__Work request__
In the copy, keep every line below as it is and leave out the pictures.

__Information shown__
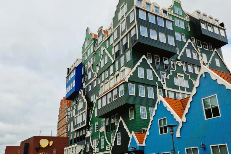 Après la prise en charge à votre hôtel de Zaandam à l'heure convenue, vous partirez en voiture privée à la découverte des paysages emblématiques des Pays-Bas, des ingénieux polders aux villes historiques. Votre premier arrêt se fera devant l'impressionnant Inntel Hotel, célèbre pour sa façade qui ressemble à des briques LEGO empilées. Conçu par l'architecte Wilfried van Winden, ce bâtiment combine environ 70 maisons traditionnelles vertes de la région du Zaan, un hommage unique à l'architecture locale où se mêlent créativité, tradition et modernité.
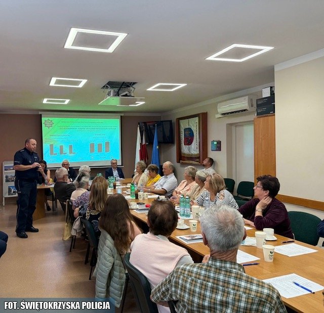 W minionym tygodniu w ramach tej inicjatywy w Starostwie Powiatowym w Kazimierzy Wielkiej odbyło się spotkanie edukacyjne dla seniorów. Wśród prelegentów znaleźli się między innymi: zastępca Dyrektora w Departamencie Funduszy i Nieodpłatnej Pomocy Prawnej, specjalista ds. programów edukacyjno–informacyjnych, Prezes Sądu Rejonowego w Busku – Zdroju, oraz Kierownik Rewiru Dzielnicowych kazimierskiej komendy. asp. szt. Sławomir Fudala. Policjant szczegółowo omówił najpopularniejsze metody oszustw takie jak „na wnuczka”, „na policjanta” czy „wypadek”. W swoim wystąpieniu tłumaczył, jak te schematy ewoluują i stają się coraz bardziej wyrafinowane. Podkreślał, że prawdziwi policjanci nigdy nie proszą o pieniądze ani o ich przekazywanie, a banki i urzędy nie załatwiają spraw finansowych przez telefon w sposób wymagający natychmiastowych działań.
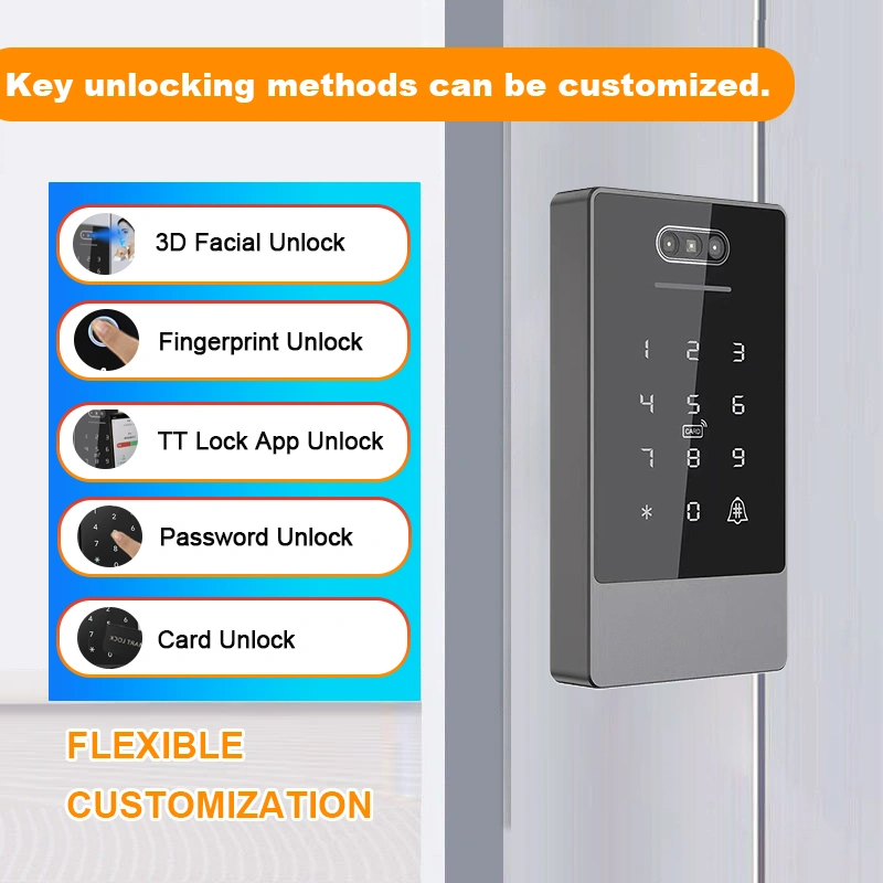 Unlocking methods: Face recognition, fingerprint, password, IC card, TT Lock App(remote with gateway).
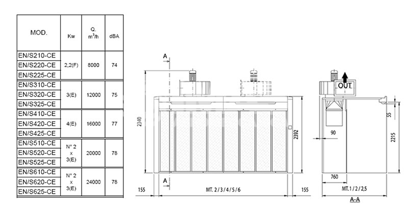 Электровентилятор обеспечивает равномерное всасывание по всей полезной поверхности с общей производительностью 12 000 м3 / ч. Двигатель расположен внутри самой камеры, что снижает уровень шума.

__Exercise response__
 Après la prise en charge à votre hôtel de Zaandam à l'heure convenue, vous partirez en voiture privée à la découverte des paysages emblématiques des Pays-Bas, des ingénieux polders aux villes historiques. Votre premier arrêt se fera devant l'impressionnant Inntel Hotel, célèbre pour sa façade qui ressemble à des briques LEGO empilées. Conçu par l'architecte Wilfried van Winden, ce bâtiment combine environ 70 maisons traditionnelles vertes de la région du Zaan, un hommage unique à l'architecture locale où se mêlent créativité, tradition et modernité.
 W minionym tygodniu w ramach tej inicjatywy w Starostwie Powiatowym w Kazimierzy Wielkiej odbyło się spotkanie edukacyjne dla seniorów. Wśród prelegentów znaleźli się między innymi: zastępca Dyrektora w Departamencie Funduszy i Nieodpłatnej Pomocy Prawnej, specjalista ds. programów edukacyjno–informacyjnych, Prezes Sądu Rejonowego w Busku – Zdroju, oraz Kierownik Rewiru Dzielnicowych kazimierskiej komendy. asp. szt. Sławomir Fudala. Policjant szczegółowo omówił najpopularniejsze metody oszustw takie jak „na wnuczka”, „na policjanta” czy „wypadek”. W swoim wystąpieniu tłumaczył, jak te schematy ewoluują i stają się coraz bardziej wyrafinowane. Podkreślał, że prawdziwi policjanci nigdy nie proszą o pieniądze ani o ich przekazywanie, a banki i urzędy nie załatwiają spraw finansowych przez telefon w sposób wymagający natychmiastowych działań.
 Unlocking methods: Face recognition, fingerprint, password, IC card, TT Lock App(remote with gateway).
 Электровентилятор обеспечивает равномерное всасывание по всей полезной поверхности с общей производительностью 12 000 м3 / ч. Двигатель расположен внутри самой камеры, что снижает уровень шума.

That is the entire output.